[EXERCISE DIRECTIONS]
Pictures excluded, please retype exactly the lines from the start of the data through the line that contains "Шахматы 3 в 1 деревянные подарочные 50 см", both ends kept, and nothing beyond them.

[SUPPLIED DATA]
————————

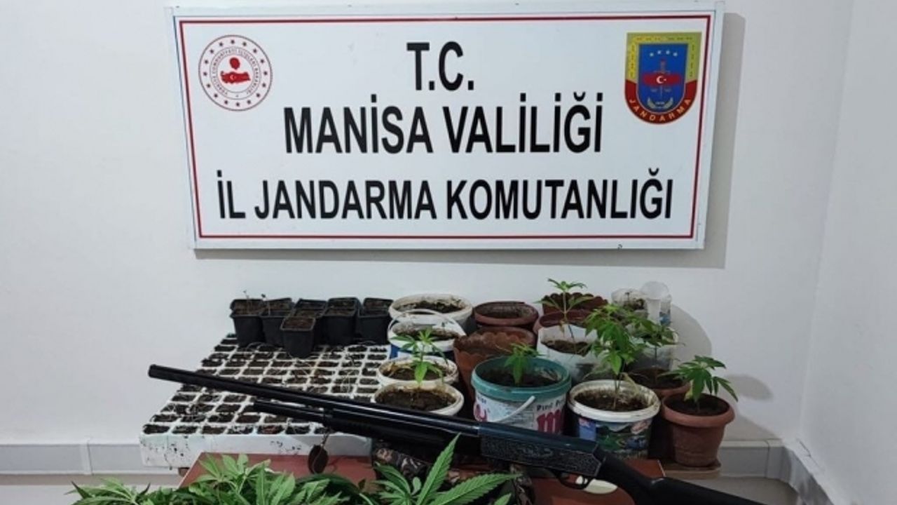 Saruhanlı İlçe Jandarma Komutanlığı ekiplerince yapılan istihbarat çalışmaları sonucu Z.U. isimli şahsın ikametgahında ve eklentilerine operasyon düzenlendi. Operasyonda yapılan aramada 403 kök kenevir bitkisi, 1 adet ruhsatsız av tüfeği, 30 adet av tüfeği fişeği, 1 adet ruhsatsız kuru sıkı tabanca, 50 adet kuru sıkı tabanca fişeği, 48 adet 7.65 mm çapında fişek ve 2 adet 9 mm çapında fişek ele geçirildi. Z.U. isimli şahıs gözaltına alındı.
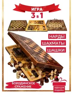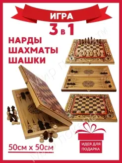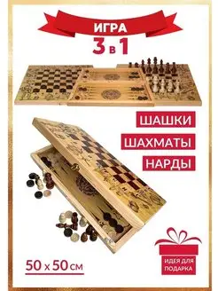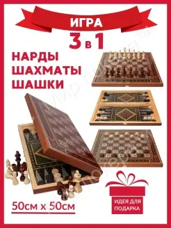 Шахматы 3 в 1 деревянные подарочные 50 см
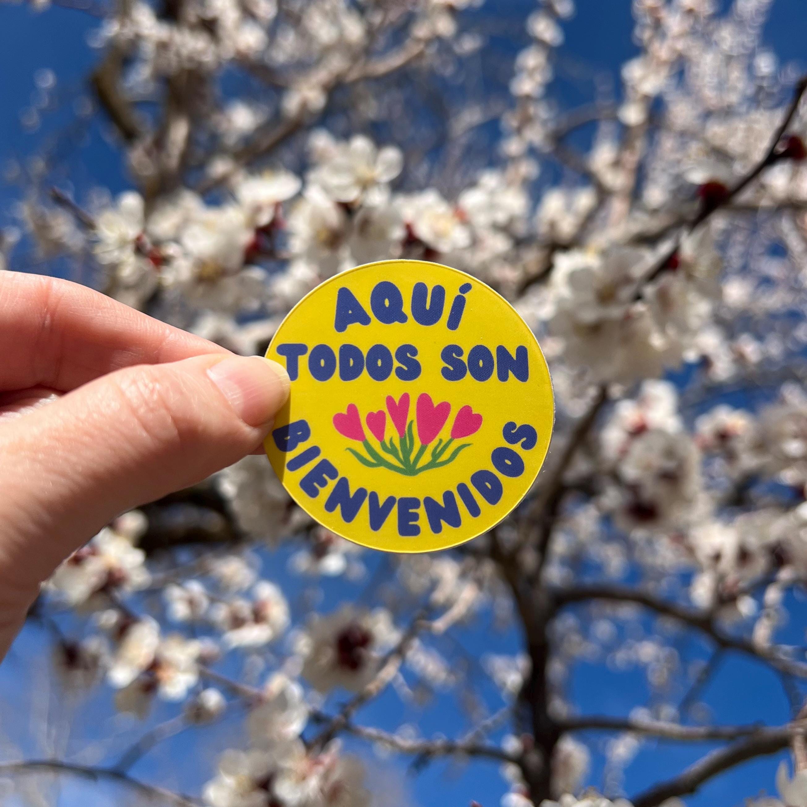 This little sticker reads "aquí todos son bienvenidos" ("all are welcome here"). With a yellow background and cornflower blue text, it features a hand-drawn design with heart-shaped flowers. The round sticker measures 2 inches (5 centimeters) across, and is dishwasher safe and weatherproof for up to five years. It has a shiny finish, and is printed on white vinyl.

————————

[WRITTEN ANSWER]
 Saruhanlı İlçe Jandarma Komutanlığı ekiplerince yapılan istihbarat çalışmaları sonucu Z.U. isimli şahsın ikametgahında ve eklentilerine operasyon düzenlendi. Operasyonda yapılan aramada 403 kök kenevir bitkisi, 1 adet ruhsatsız av tüfeği, 30 adet av tüfeği fişeği, 1 adet ruhsatsız kuru sıkı tabanca, 50 adet kuru sıkı tabanca fişeği, 48 adet 7.65 mm çapında fişek ve 2 adet 9 mm çapında fişek ele geçirildi. Z.U. isimli şahıs gözaltına alındı.
 Шахматы 3 в 1 деревянные подарочные 50 см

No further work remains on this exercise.